Entries taken from a collection:
-*-*-

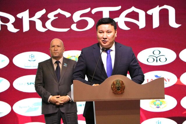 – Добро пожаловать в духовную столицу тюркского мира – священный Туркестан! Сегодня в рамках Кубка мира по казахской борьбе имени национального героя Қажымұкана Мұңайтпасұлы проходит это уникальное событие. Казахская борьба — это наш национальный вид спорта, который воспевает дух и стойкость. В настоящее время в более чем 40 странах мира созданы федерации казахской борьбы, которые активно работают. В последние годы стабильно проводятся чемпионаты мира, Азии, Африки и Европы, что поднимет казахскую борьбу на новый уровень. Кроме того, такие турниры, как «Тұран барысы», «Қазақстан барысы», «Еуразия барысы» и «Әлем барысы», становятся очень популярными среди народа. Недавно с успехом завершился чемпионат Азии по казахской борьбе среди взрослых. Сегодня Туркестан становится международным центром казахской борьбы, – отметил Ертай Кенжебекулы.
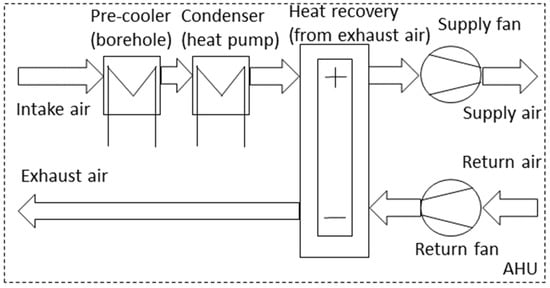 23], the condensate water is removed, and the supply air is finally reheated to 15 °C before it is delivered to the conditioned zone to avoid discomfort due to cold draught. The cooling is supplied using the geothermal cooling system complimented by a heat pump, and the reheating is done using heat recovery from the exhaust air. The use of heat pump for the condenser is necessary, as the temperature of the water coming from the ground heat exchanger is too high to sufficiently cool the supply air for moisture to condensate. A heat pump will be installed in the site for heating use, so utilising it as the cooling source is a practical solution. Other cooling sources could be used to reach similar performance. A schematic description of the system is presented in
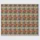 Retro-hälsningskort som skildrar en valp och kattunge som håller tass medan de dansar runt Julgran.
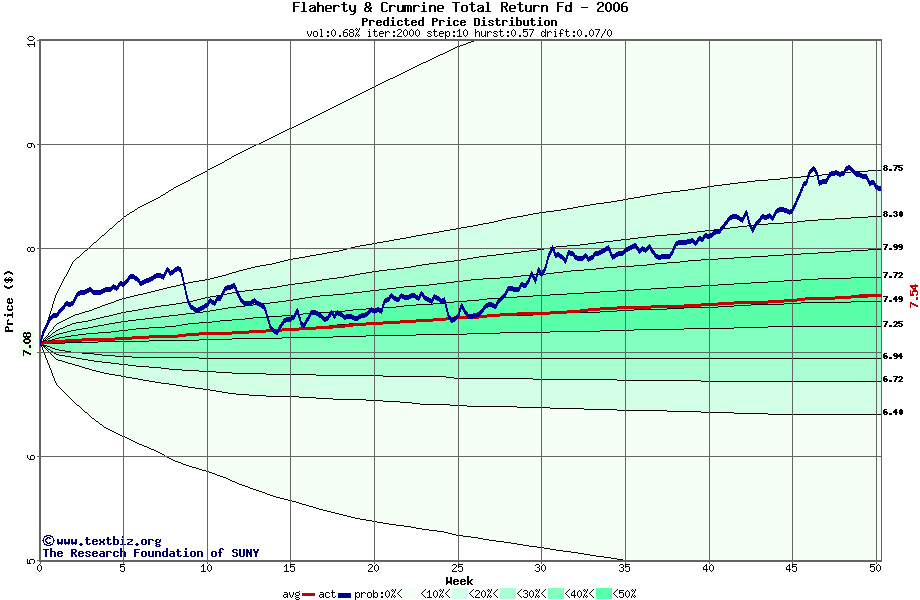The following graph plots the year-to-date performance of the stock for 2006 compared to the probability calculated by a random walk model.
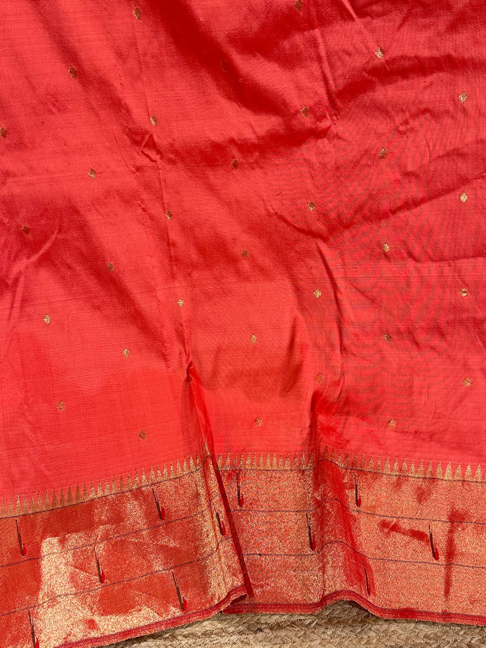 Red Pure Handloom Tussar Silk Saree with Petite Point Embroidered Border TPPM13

-*-*-

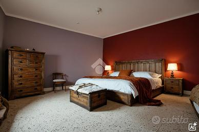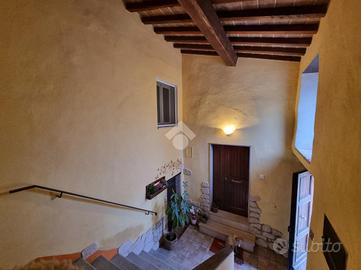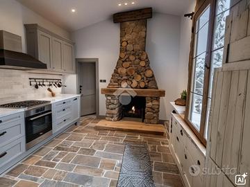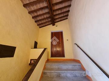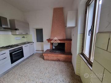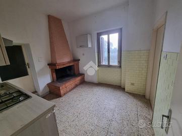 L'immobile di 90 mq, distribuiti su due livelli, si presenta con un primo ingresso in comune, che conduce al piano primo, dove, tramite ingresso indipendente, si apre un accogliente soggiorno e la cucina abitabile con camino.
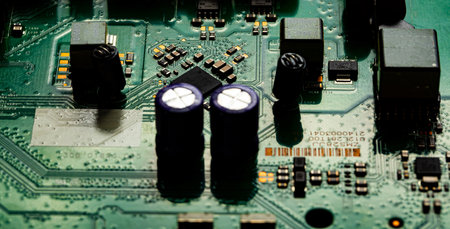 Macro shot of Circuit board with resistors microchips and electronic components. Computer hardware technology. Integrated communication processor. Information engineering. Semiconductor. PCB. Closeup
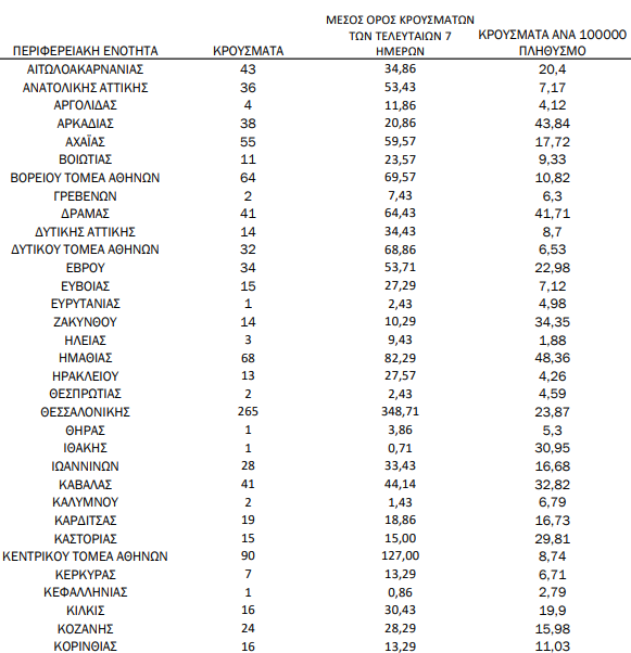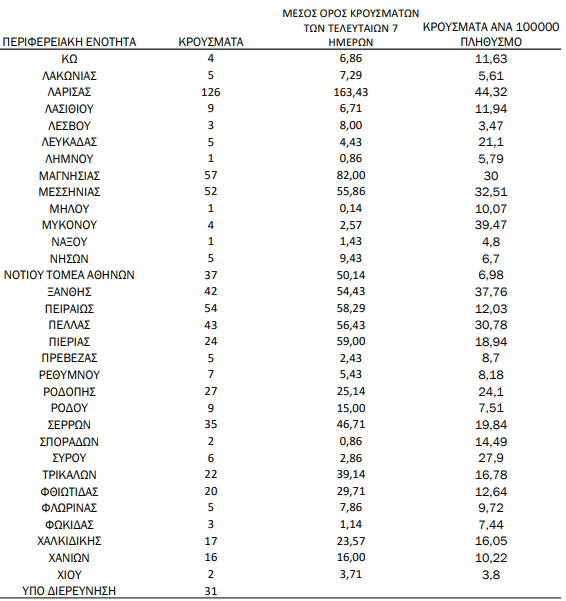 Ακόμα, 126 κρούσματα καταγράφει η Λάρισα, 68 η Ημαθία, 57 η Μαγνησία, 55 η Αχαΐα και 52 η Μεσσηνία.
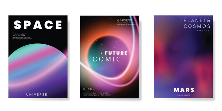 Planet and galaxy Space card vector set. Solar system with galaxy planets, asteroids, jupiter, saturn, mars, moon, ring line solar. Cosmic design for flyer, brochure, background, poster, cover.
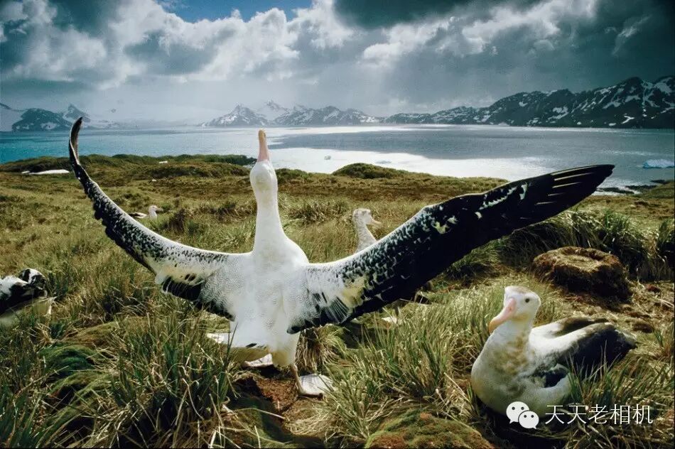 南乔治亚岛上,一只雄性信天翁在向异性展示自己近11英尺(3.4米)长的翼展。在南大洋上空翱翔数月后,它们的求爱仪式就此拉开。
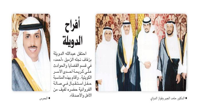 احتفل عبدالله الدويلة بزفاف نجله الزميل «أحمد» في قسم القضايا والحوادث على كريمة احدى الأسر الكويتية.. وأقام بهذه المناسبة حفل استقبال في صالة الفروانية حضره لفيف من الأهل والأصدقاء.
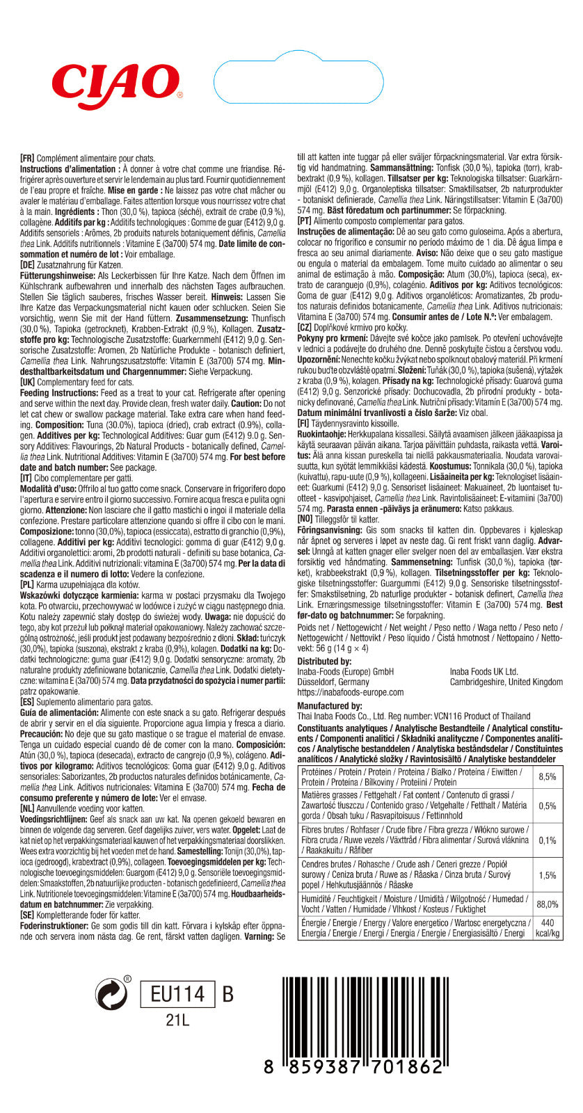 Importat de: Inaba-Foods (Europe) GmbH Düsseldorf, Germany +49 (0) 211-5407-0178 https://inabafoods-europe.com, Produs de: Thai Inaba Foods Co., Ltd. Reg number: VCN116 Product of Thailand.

-*-*-

### Problem requirements
A clean copy is needed of the lines above from the one with "Retro-hälsningskort som skildrar" up to and including the one with "Red Pure Handloom". Please set it down exactly, with no pictures.

### Solution to this task
 Retro-hälsningskort som skildrar en valp och kattunge som håller tass medan de dansar runt Julgran.
The following graph plots the year-to-date performance of the stock for 2006 compared to the probability calculated by a random walk model.
 Red Pure Handloom Tussar Silk Saree with Petite Point Embroidered Border TPPM13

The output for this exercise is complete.